START Excerpted data

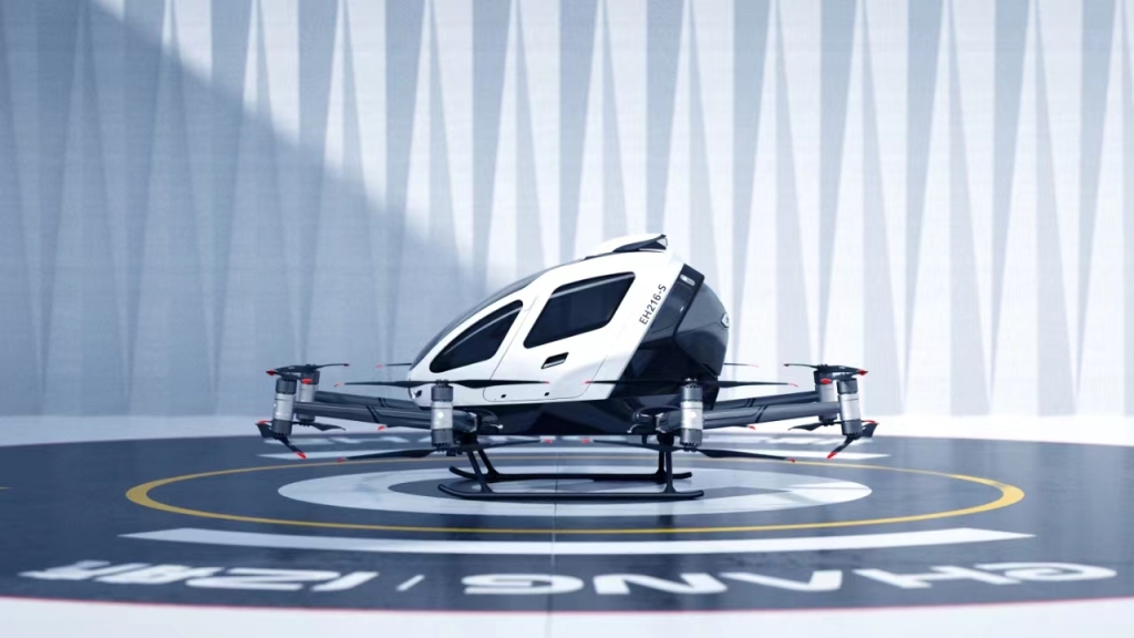 EH216-S 无人驾驶载人航空器是亿航的明星产品,目前已经拿下中国民航局颁发的全球首张无人驾驶载人电动垂直起降航空器型号合格证、生产许可证和标准适航证,成为了全球首个获得适航"三大通行证"的载人无人驾驶eVTOL机型。
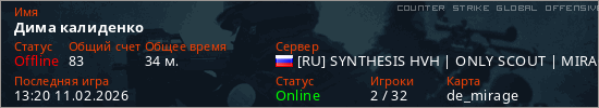 Играет на Counter Strike Global Offensive сервере. Страна: РоссияПервый раз замечен 00:12 08.02.2026
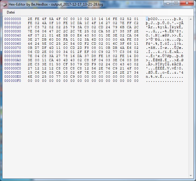 Im Format RAW abgespeichert bleiben diese auch eine Binärdatei. Man benötigt keine weiteren Hilfsmittel. Der ROM-Wizard zeigt den EPROM Inhalt an.
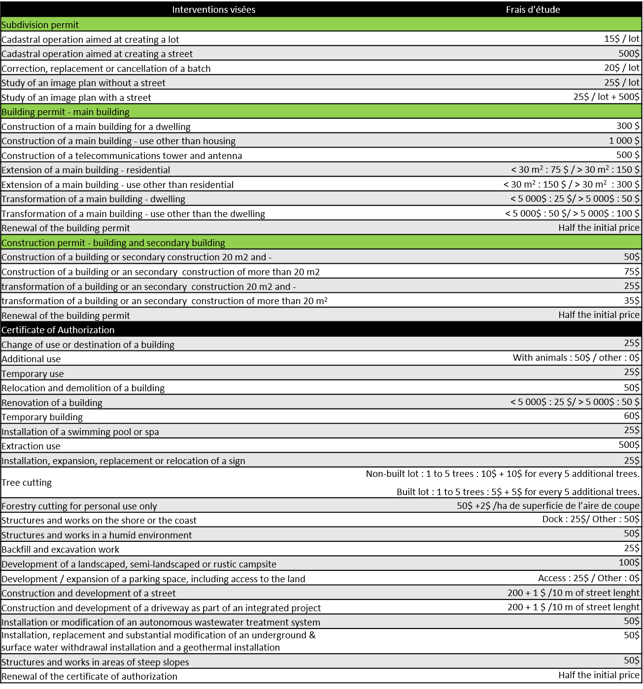 Requests for permits and certificates of authorization must be made by supplying the completed Permit application form and the appropriate documents and information and making an appointment with the municipal inspector.
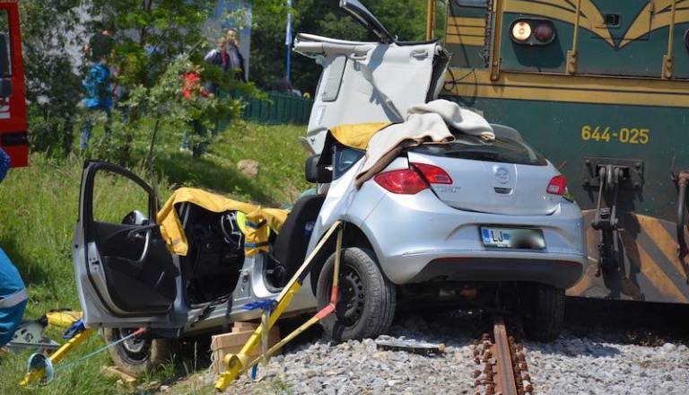 Vlak avto potiskal 100 metrov, voznik huje poškodovan
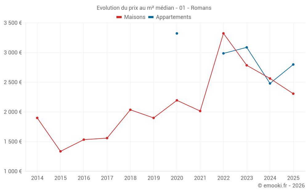 Carte des prix de l'immobilier dans la commune de Romans, choississez une section pour voir les transactions par parcelle.
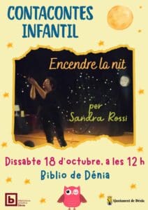 Children’s storytelling, Encendre la nit, by Sandra Rossi, for family audiences, we are waiting for you on Saturday, October 18th, at 12 noon, at the Dénia Library (c/ de Sant Josep, 6).
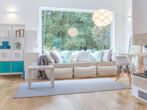 Wooden white coffee table and comfortable sofa in lounge
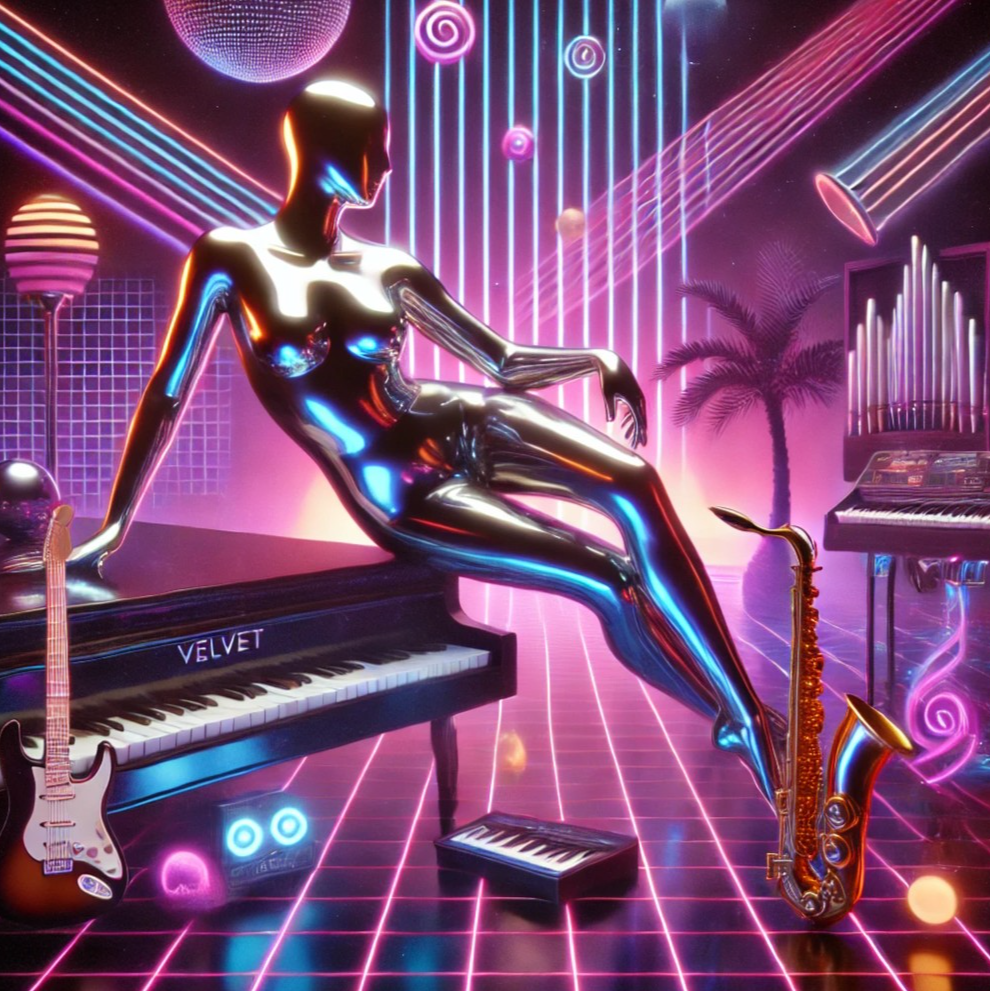`80s sensual instrumental, smooth electric piano, sultry saxophone, groovy bass, soft retro drums, atmospheric synth pads, Intimate, soulful, seductive mood, electro, pop, futuristic, Length: 3 min
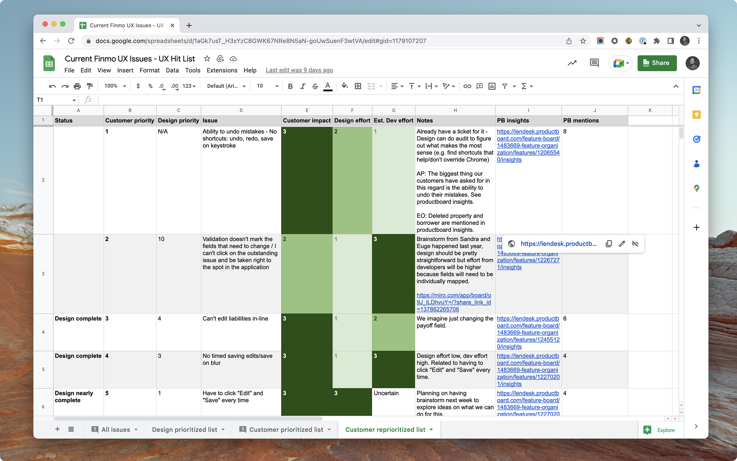 We established a single source of truth for UX pain across Finmo, aligning Sales, Product, and Engineering around the same problems.
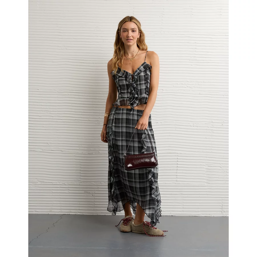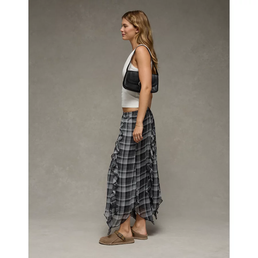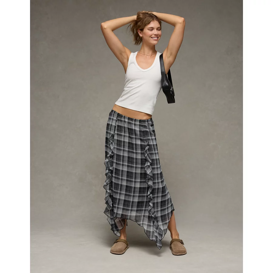 AE High-Waisted Plaid Maxi Skirt – Multi
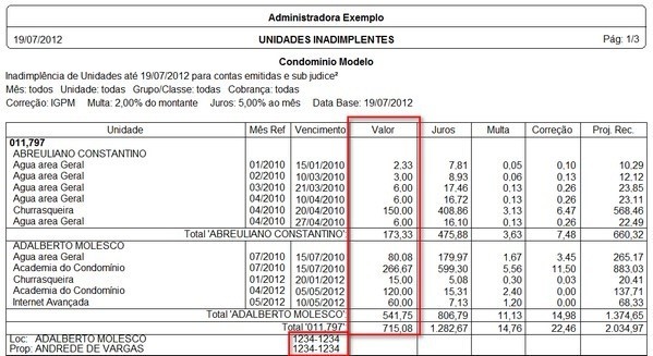 Exemplo: o condômino liquidou as contas em acordo na data 30/07, ao filtrar a inadimplência pela data 01/07, o sistema irá apresentar as contas inadimplentes desse condômino mesmo estando elas baixadas, ou seja, o sistema apresenta a situação do condômino naquela época.
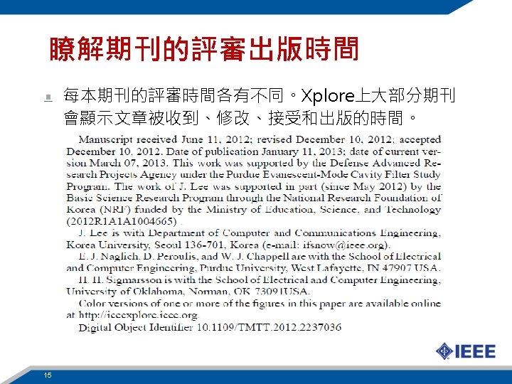 強調原創性 IEEE's policy on duplicate publication states – "authors should only submit original work that has neither appeared elsewhere for publication, nor which is under review for another refereed publication. If authors have used their own previously published work(s) as a basis for a new submission, they are required to cite the previous work(s) and very briefly indicate how the new submission offers substantively novel contributions beyond those of the previously published work(s). " http: //ewh. ieee. org/soc/nps/TNS. htm 29
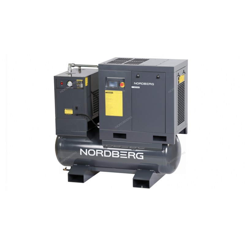 NORDBERG NCF10RD — винтовой компрессор с ресивером и осушителем.ФУНКЦИОНАЛОдноступенчатый винтовой компрессор с масляным впрыском и прямым приводом. Предназначен для стабильной подачи сжатого воздуха при работе с пневмоинструментом в условиях непрерывной эксплуатации.ПРЕИМУЩЕСТВАПрямой привод с муфтой и высоким КПД — эффективность до 90%, что в 1,5 раза выше, чем у поршневых компрессоров. Обеспечивает снижение шума, вибрации и пусковых нагрузок;Частотный преобразователь — плавный запуск, регулировка оборотов, высокая энергоэффективность и снижение износа узлов;Плавный запуск компрессора – защита электросети и снижение износа компонентов двигателя;Низкий уровень шума 63 дБ для комфортной работы даже в закрытых помещениях;ЖК-дисплей с русифицированным интерфейсом значительно упрощает все этапы настройки и работы.NORDBERG NCF10RD — надёжный и мощный компрессор для длительной работы под высокой нагрузкой. Повышает производительность и снижает трудозатраты при использовании пневмоинструмента. Идеально подходит для СТО, автосервисов и промышленных предприятий.

END Excerpted data

> Exercise goal: Write out the entries above in full and exactly; no pictures.

> Output for this task:
 EH216-S 无人驾驶载人航空器是亿航的明星产品,目前已经拿下中国民航局颁发的全球首张无人驾驶载人电动垂直起降航空器型号合格证、生产许可证和标准适航证,成为了全球首个获得适航"三大通行证"的载人无人驾驶eVTOL机型。
 Играет на Counter Strike Global Offensive сервере. Страна: РоссияПервый раз замечен 00:12 08.02.2026
 Im Format RAW abgespeichert bleiben diese auch eine Binärdatei. Man benötigt keine weiteren Hilfsmittel. Der ROM-Wizard zeigt den EPROM Inhalt an.
 Requests for permits and certificates of authorization must be made by supplying the completed Permit application form and the appropriate documents and information and making an appointment with the municipal inspector.
 Vlak avto potiskal 100 metrov, voznik huje poškodovan
 Carte des prix de l'immobilier dans la commune de Romans, choississez une section pour voir les transactions par parcelle.
 Children’s storytelling, Encendre la nit, by Sandra Rossi, for family audiences, we are waiting for you on Saturday, October 18th, at 12 noon, at the Dénia Library (c/ de Sant Josep, 6).
 Wooden white coffee table and comfortable sofa in lounge
`80s sensual instrumental, smooth electric piano, sultry saxophone, groovy bass, soft retro drums, atmospheric synth pads, Intimate, soulful, seductive mood, electro, pop, futuristic, Length: 3 min
 We established a single source of truth for UX pain across Finmo, aligning Sales, Product, and Engineering around the same problems.
 AE High-Waisted Plaid Maxi Skirt – Multi
 Exemplo: o condômino liquidou as contas em acordo na data 30/07, ao filtrar a inadimplência pela data 01/07, o sistema irá apresentar as contas inadimplentes desse condômino mesmo estando elas baixadas, ou seja, o sistema apresenta a situação do condômino naquela época.
 強調原創性 IEEE's policy on duplicate publication states – "authors should only submit original work that has neither appeared elsewhere for publication, nor which is under review for another refereed publication. If authors have used their own previously published work(s) as a basis for a new submission, they are required to cite the previous work(s) and very briefly indicate how the new submission offers substantively novel contributions beyond those of the previously published work(s). " http: //ewh. ieee. org/soc/nps/TNS. htm 29
 NORDBERG NCF10RD — винтовой компрессор с ресивером и осушителем.ФУНКЦИОНАЛОдноступенчатый винтовой компрессор с масляным впрыском и прямым приводом. Предназначен для стабильной подачи сжатого воздуха при работе с пневмоинструментом в условиях непрерывной эксплуатации.ПРЕИМУЩЕСТВАПрямой привод с муфтой и высоким КПД — эффективность до 90%, что в 1,5 раза выше, чем у поршневых компрессоров. Обеспечивает снижение шума, вибрации и пусковых нагрузок;Частотный преобразователь — плавный запуск, регулировка оборотов, высокая энергоэффективность и снижение износа узлов;Плавный запуск компрессора – защита электросети и снижение износа компонентов двигателя;Низкий уровень шума 63 дБ для комфортной работы даже в закрытых помещениях;ЖК-дисплей с русифицированным интерфейсом значительно упрощает все этапы настройки и работы.NORDBERG NCF10RD — надёжный и мощный компрессор для длительной работы под высокой нагрузкой. Повышает производительность и снижает трудозатраты при использовании пневмоинструмента. Идеально подходит для СТО, автосервисов и промышленных предприятий.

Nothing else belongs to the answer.